MOOCs are Massive Open Onliine Courses. Many see them as the grand destiny for higher education, opening access for all at a low price. Some courses are taught simultaneously to thousands of students by star professors.
But here is a shocking statistic, reported by politico.com:
“A dismal 7 percent of MOOC students finish their courses.”
I can imagine huge improvements in online courses. They could take advantage of graphics and intetactive tools. Maybe they are the future. But we aren’t there yet.

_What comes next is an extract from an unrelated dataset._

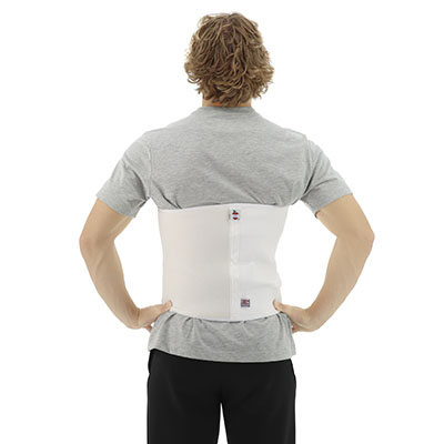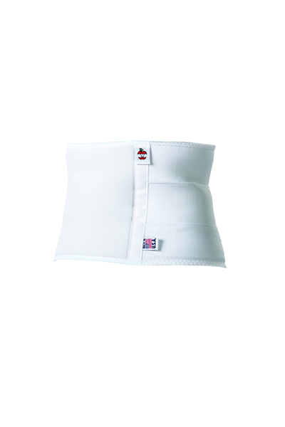 AliMed Four Panel 12"H Abdominal Support braces abdomen to reduce muscle fatigue and strain. Reduces musculoskeletal vibration caused by driving, sports, and physical labor. Evenly distributes compression. Hook-and-loop closure. Hand wash. Air dry. Not made with natural rubber latex. White. Sizing: SM/MD fits waist circumference 30"-45". LG/XL fits waist circumference 46"-62".

For every individual who said a MOOC was going to transform higher ed, I could easily find you 10 who said it won’t. MOOCs are great for certain “things” and people and not so great for others. Look up Gartner’s Hype Cycle and we can see that with any new technology introduced into education, it peaks with excitement and then tails off….and that is fine. Some people like to hype it up as the next best thing to transform education. It will, just not at the pace or scale that some expect. Take a MOOC. Experience it. Don’t let one class set the tone for thoughts about MOOCs in general. It is true, very few see a MOOC from start to finish. In my experience, it is because the person taking the course already knew the material. So many go in to see what it is like ad because very many of them are not for credit, or are free, they don’t have the urgency to see it to completion. Your last line about online courses is dated. Online courses are already there as are fully online degree programs from well established schools. Again, this is a great option and tool for some, not all. Having choices is a wonderful thing, is it not?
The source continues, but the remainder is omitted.